→ **Problem to work on**: Omit every picture. Return all other data as it stands.

→ **Dataset extract**:
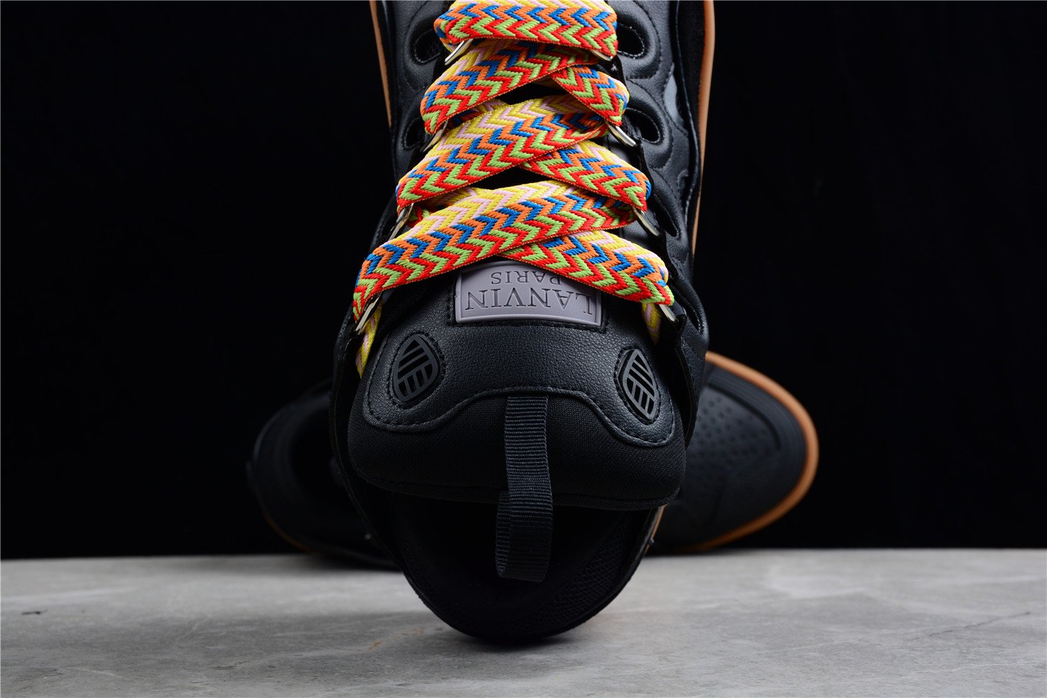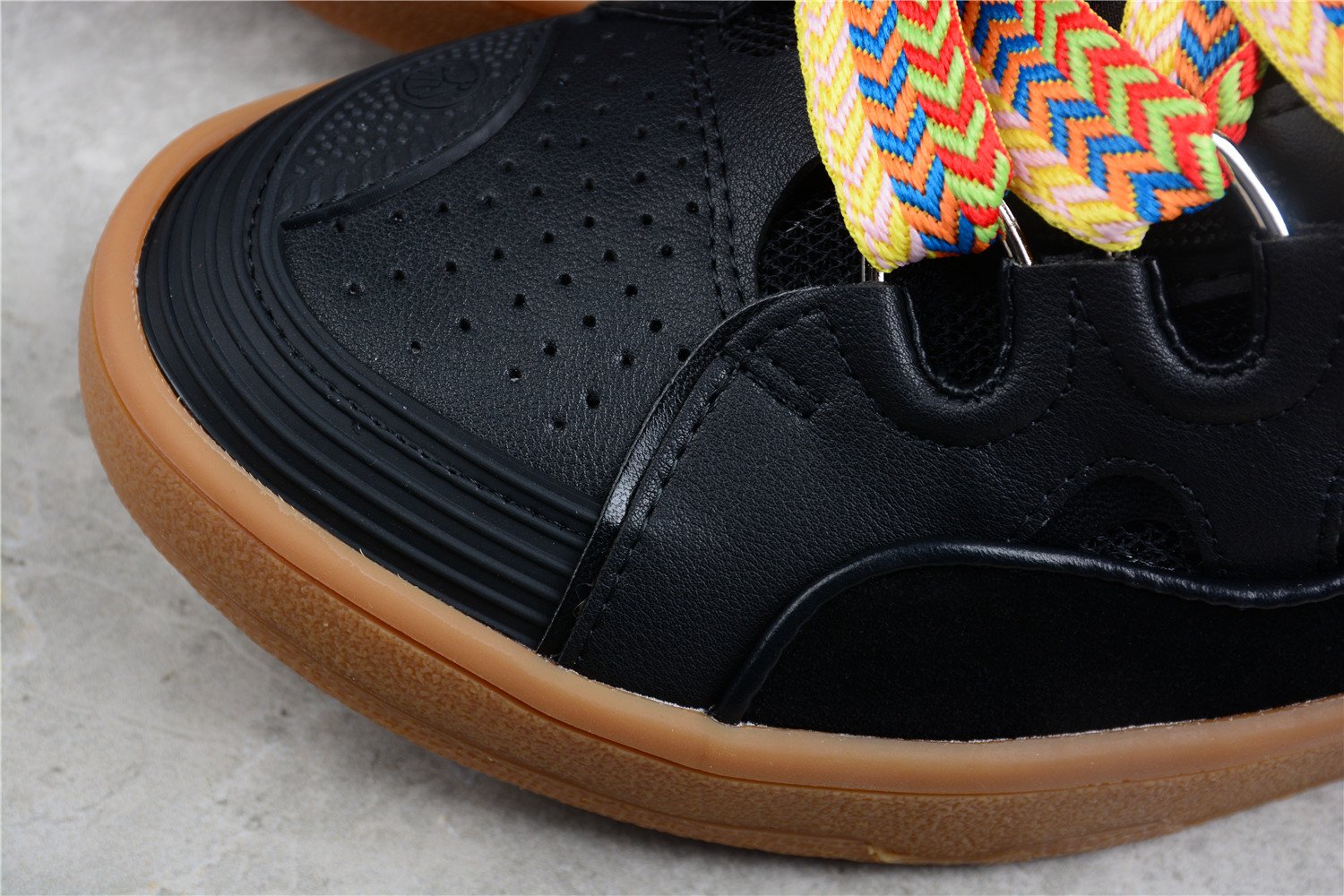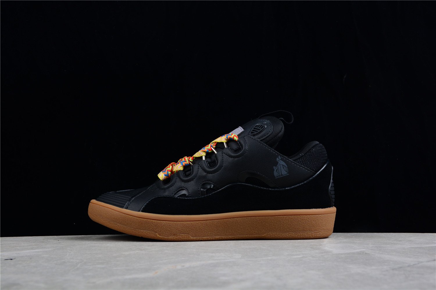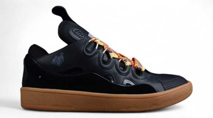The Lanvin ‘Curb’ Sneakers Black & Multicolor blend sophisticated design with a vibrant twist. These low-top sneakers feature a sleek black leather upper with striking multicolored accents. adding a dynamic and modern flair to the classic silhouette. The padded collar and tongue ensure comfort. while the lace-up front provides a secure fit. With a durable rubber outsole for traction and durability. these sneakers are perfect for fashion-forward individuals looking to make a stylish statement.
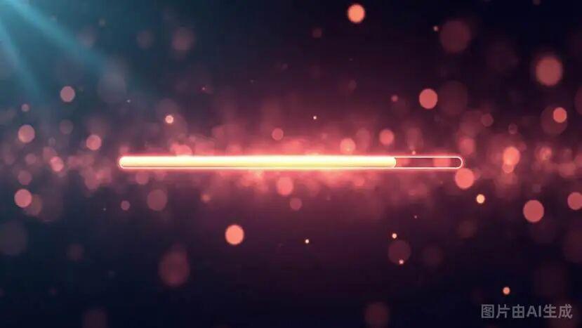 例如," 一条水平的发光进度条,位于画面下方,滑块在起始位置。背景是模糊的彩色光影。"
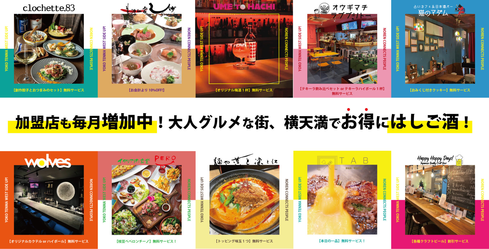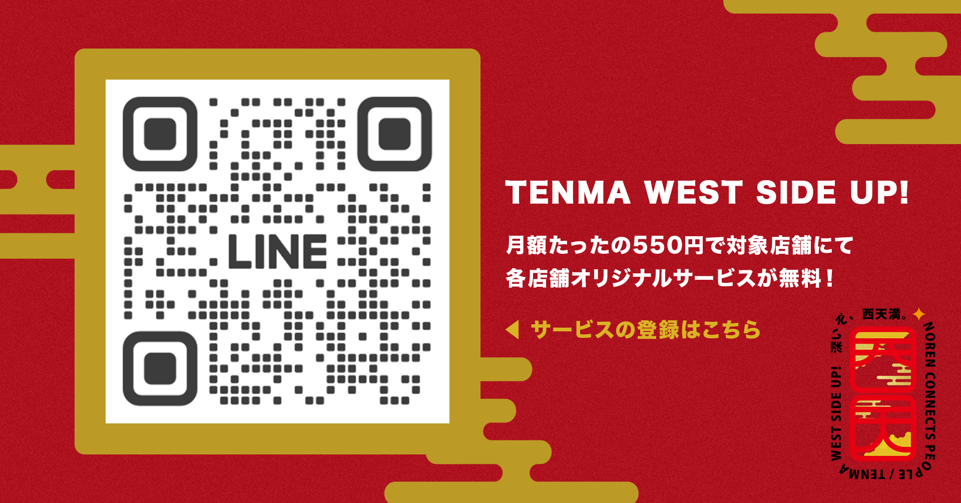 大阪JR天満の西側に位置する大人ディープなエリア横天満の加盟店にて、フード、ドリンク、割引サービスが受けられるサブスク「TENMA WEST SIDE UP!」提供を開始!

→ **Result of the exercise**:
The Lanvin ‘Curb’ Sneakers Black & Multicolor blend sophisticated design with a vibrant twist. These low-top sneakers feature a sleek black leather upper with striking multicolored accents. adding a dynamic and modern flair to the classic silhouette. The padded collar and tongue ensure comfort. while the lace-up front provides a secure fit. With a durable rubber outsole for traction and durability. these sneakers are perfect for fashion-forward individuals looking to make a stylish statement.
 例如," 一条水平的发光进度条,位于画面下方,滑块在起始位置。背景是模糊的彩色光影。"
 大阪JR天満の西側に位置する大人ディープなエリア横天満の加盟店にて、フード、ドリンク、割引サービスが受けられるサブスク「TENMA WEST SIDE UP!」提供を開始!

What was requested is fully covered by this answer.